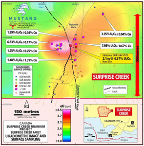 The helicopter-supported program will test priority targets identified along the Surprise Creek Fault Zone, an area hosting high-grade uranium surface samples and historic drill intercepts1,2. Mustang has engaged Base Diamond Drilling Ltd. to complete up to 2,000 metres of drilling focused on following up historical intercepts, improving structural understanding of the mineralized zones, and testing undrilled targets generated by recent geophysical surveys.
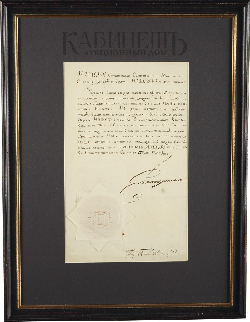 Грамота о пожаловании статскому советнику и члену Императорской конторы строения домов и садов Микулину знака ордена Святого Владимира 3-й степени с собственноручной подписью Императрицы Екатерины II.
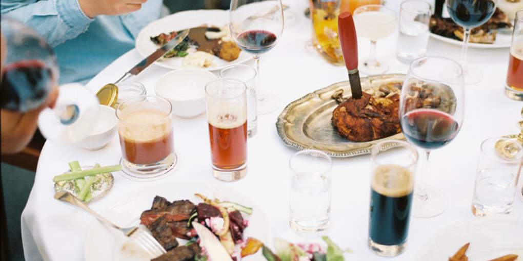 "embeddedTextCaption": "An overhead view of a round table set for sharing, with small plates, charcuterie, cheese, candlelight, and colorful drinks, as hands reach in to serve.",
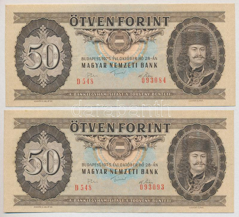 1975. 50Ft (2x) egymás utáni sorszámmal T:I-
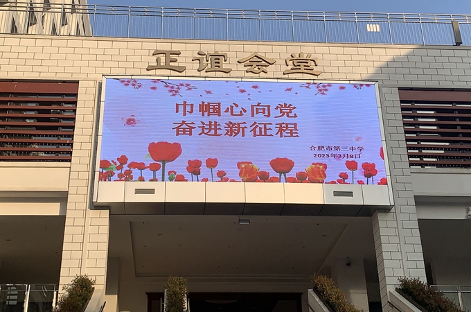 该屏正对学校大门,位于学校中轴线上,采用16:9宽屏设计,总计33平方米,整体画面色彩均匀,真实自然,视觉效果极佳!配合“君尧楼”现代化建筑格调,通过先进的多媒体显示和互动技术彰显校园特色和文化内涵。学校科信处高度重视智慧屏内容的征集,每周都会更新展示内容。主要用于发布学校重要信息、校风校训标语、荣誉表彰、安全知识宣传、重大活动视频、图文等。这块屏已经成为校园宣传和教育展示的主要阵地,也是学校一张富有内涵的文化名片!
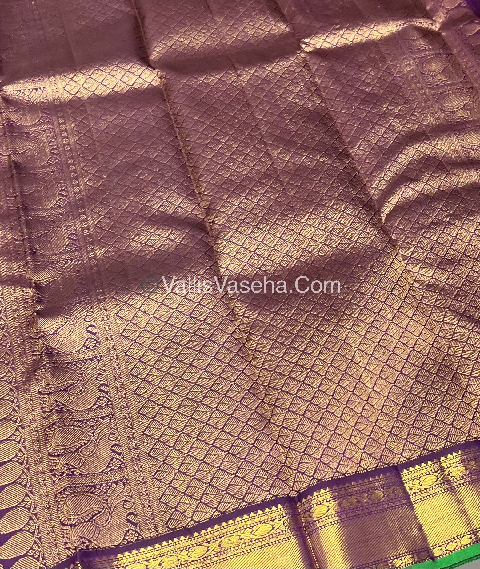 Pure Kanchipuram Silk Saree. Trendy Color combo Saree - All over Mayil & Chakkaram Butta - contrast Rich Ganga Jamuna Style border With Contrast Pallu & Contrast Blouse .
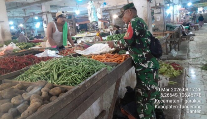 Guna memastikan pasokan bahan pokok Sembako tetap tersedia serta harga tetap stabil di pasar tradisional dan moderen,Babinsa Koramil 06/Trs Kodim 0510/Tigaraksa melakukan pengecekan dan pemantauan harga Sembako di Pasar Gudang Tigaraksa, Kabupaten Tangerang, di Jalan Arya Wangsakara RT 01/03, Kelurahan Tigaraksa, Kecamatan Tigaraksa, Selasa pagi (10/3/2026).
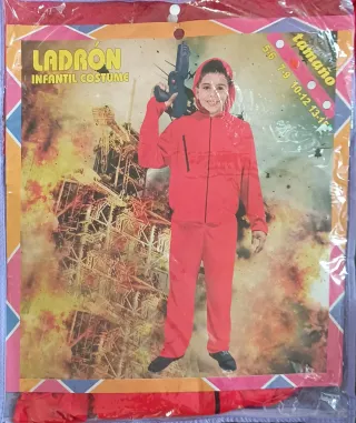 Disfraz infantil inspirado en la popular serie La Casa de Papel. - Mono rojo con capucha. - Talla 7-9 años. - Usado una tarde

> **Your assignment**: Would you repeat the material exactly, keeping out any pictures?

> **Exercise answer**:
 The helicopter-supported program will test priority targets identified along the Surprise Creek Fault Zone, an area hosting high-grade uranium surface samples and historic drill intercepts1,2. Mustang has engaged Base Diamond Drilling Ltd. to complete up to 2,000 metres of drilling focused on following up historical intercepts, improving structural understanding of the mineralized zones, and testing undrilled targets generated by recent geophysical surveys.
 Грамота о пожаловании статскому советнику и члену Императорской конторы строения домов и садов Микулину знака ордена Святого Владимира 3-й степени с собственноручной подписью Императрицы Екатерины II.
 "embeddedTextCaption": "An overhead view of a round table set for sharing, with small plates, charcuterie, cheese, candlelight, and colorful drinks, as hands reach in to serve.",
 1975. 50Ft (2x) egymás utáni sorszámmal T:I-
 该屏正对学校大门,位于学校中轴线上,采用16:9宽屏设计,总计33平方米,整体画面色彩均匀,真实自然,视觉效果极佳!配合“君尧楼”现代化建筑格调,通过先进的多媒体显示和互动技术彰显校园特色和文化内涵。学校科信处高度重视智慧屏内容的征集,每周都会更新展示内容。主要用于发布学校重要信息、校风校训标语、荣誉表彰、安全知识宣传、重大活动视频、图文等。这块屏已经成为校园宣传和教育展示的主要阵地,也是学校一张富有内涵的文化名片!
 Pure Kanchipuram Silk Saree. Trendy Color combo Saree - All over Mayil & Chakkaram Butta - contrast Rich Ganga Jamuna Style border With Contrast Pallu & Contrast Blouse .
 Guna memastikan pasokan bahan pokok Sembako tetap tersedia serta harga tetap stabil di pasar tradisional dan moderen,Babinsa Koramil 06/Trs Kodim 0510/Tigaraksa melakukan pengecekan dan pemantauan harga Sembako di Pasar Gudang Tigaraksa, Kabupaten Tangerang, di Jalan Arya Wangsakara RT 01/03, Kelurahan Tigaraksa, Kecamatan Tigaraksa, Selasa pagi (10/3/2026).
 Disfraz infantil inspirado en la popular serie La Casa de Papel. - Mono rojo con capucha. - Talla 7-9 años. - Usado una tarde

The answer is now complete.